Utterly ignoring the celebrity status that made her a target in the first place, this attitude essentially absolves men of responsibility for their own chastity and relational maturity. This attitude says that men need sexual pleasure – and if they can’t get it from you directly, they need pictures to help them get it for themselves.
Jennifer Lawrence has been “pornified” with the theft of her personal photos. This is a crime and she is a victim. But the cruelest irony is that she had already pornified herself by believing that taking these photos was necessary to be in a “loving, healthy, great relationship.” It was foolish of her to take these photos in the first place; it was an objectively poor moral choice.
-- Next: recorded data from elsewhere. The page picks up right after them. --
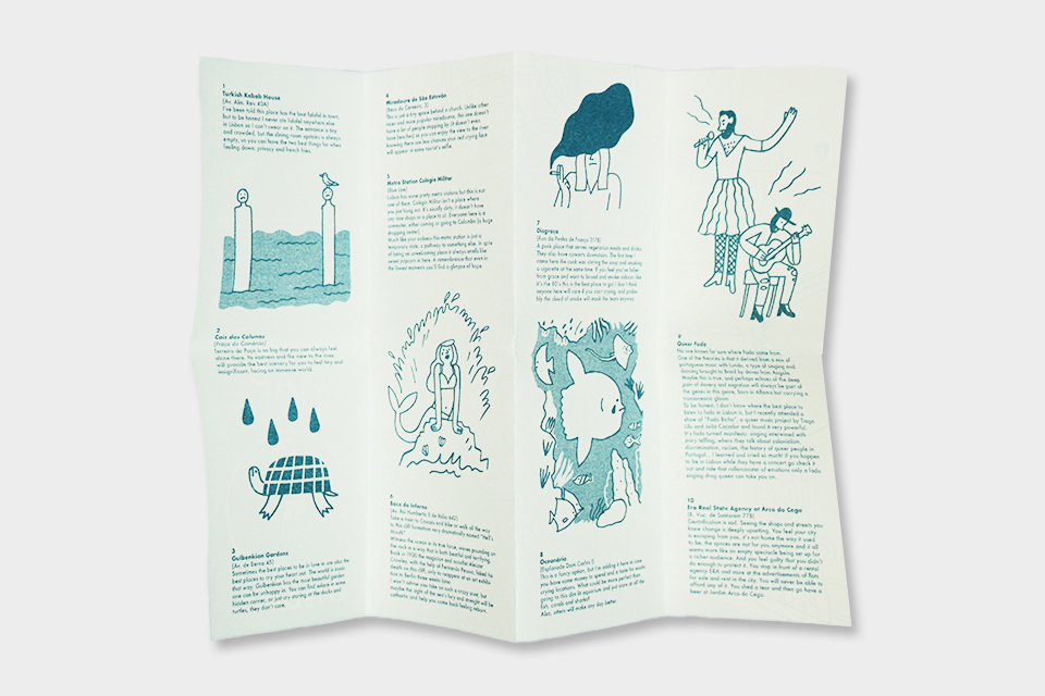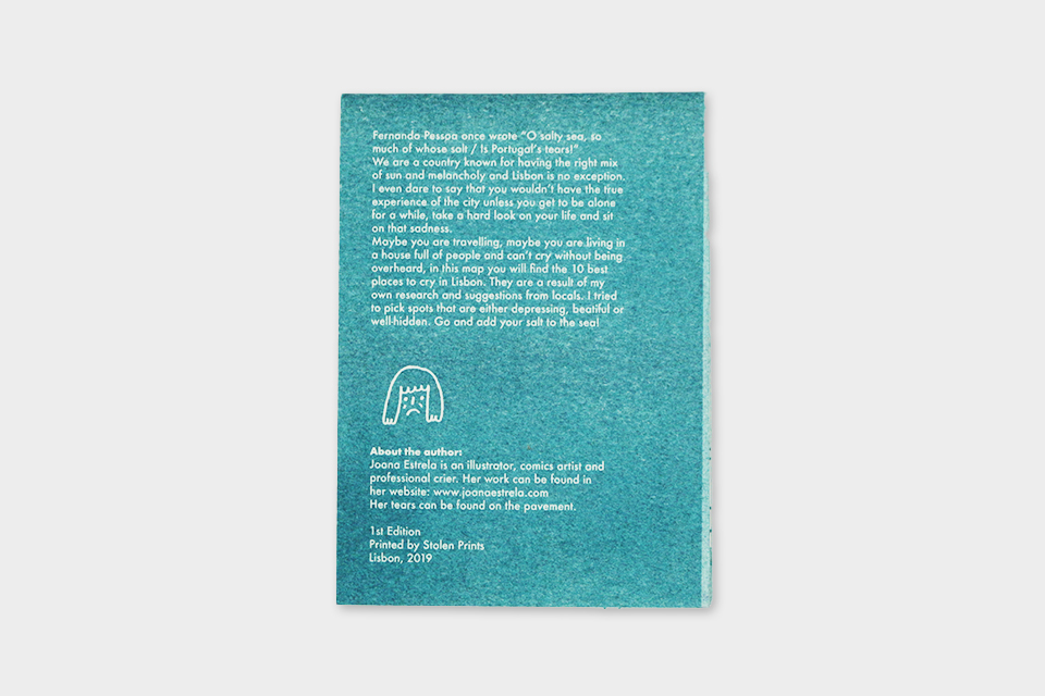 Mapa ilustrado, impresso em risografia, com os 10 melhores locais para chorar em Lisboa. Uma seleção de espaços públicos para visitar quando precisar se ficar sozinho e deixar sair tudo.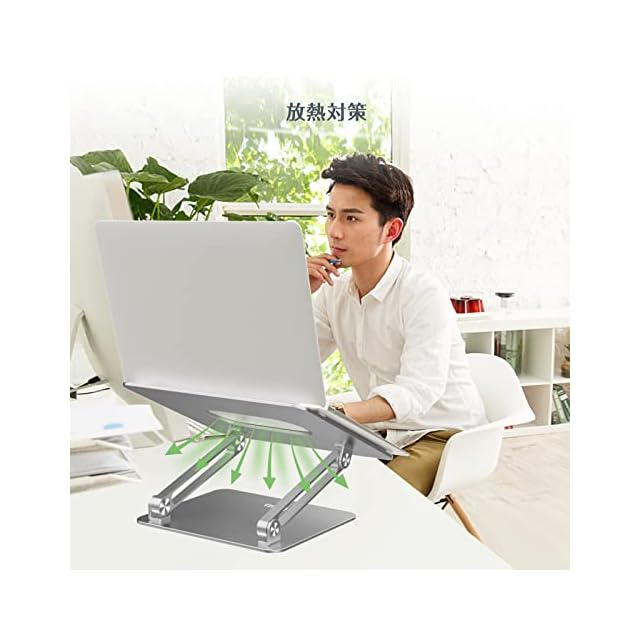 【放熱対策・滑り止め】●肉厚でしっかりとした造りながら、中央に大きな穴が開いているのでノートPCなどの放熱が気になるものを載せても平気です。●シリコンゴム製の滑り止めパッドが上下両面(接地側およびパソコン側)の接地面に付いているので、滑りにくく安定して使えます。また、構造上、macbook スタンドの下に空間ができるので、書類を広げたり、使わない時はキーボードをしまっておけたりできるのが助かっています。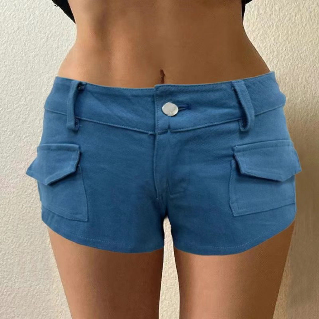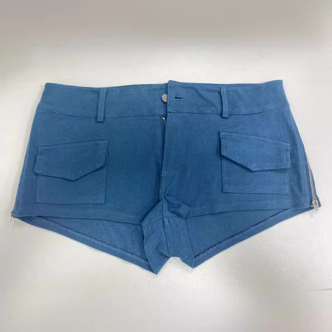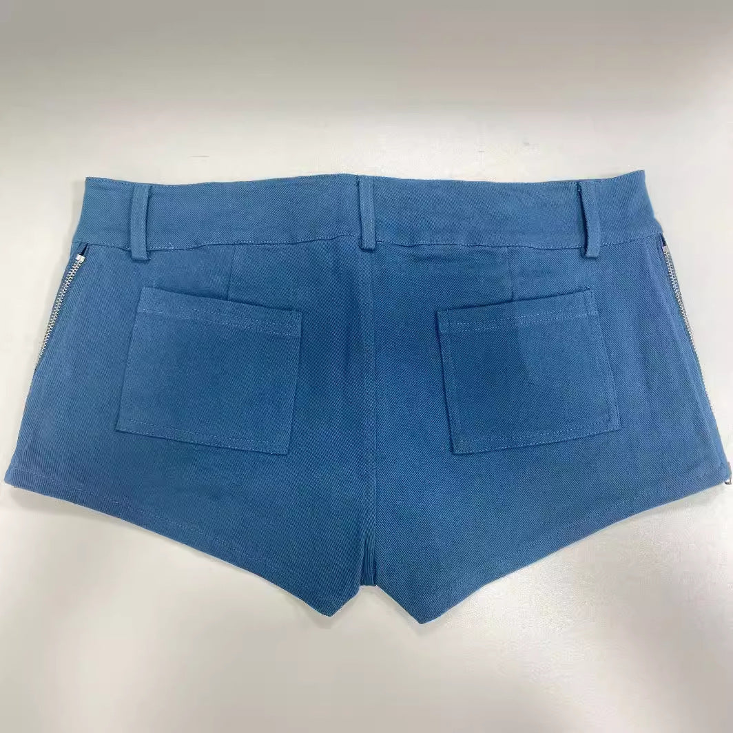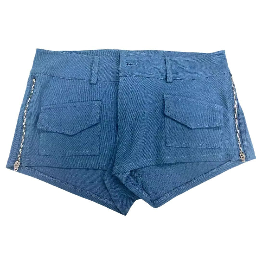 Product information: Thickness: medium Fabric name: Polyester Color: gray blue Elasticity: Micro elasticity Main fabric composition: Polyester (polyester fiber) Pants length: Hot pants Waist Type: Mid waist Size: XS,S,M,L,XL Style type: street fashion Popular elements: zipper Style: Street style Style: Basic Craft: collage/stitching

But the fact that she took them (along with similar photos evidently taken by scores of other famous people) speaks to far greater problems within a culture that has ludicrously overemphasized the pursuit of sexual pleasure.
To love another is to see the other as a person made in God’s image and to respond to that image with the desire to make a gift of ourselves to the other. But the reduction of the other instead to a mere vehicle for one’s selfish sexual pleasure is not loving.
A healthy relationship recognizes the challenges that arise, such as long distance and time apart, and responds to them in a reasonable way, so that both partners can draw strength from the bond of love, rather than demonstrate their dependency on only one aspect of the other.
A great relationship is one that inspires the man and the woman to realize how graced they are to love and be loved; they share the power that comes from that love with all the people with whom they come in contact, and this, in turn, betters all of their relationships.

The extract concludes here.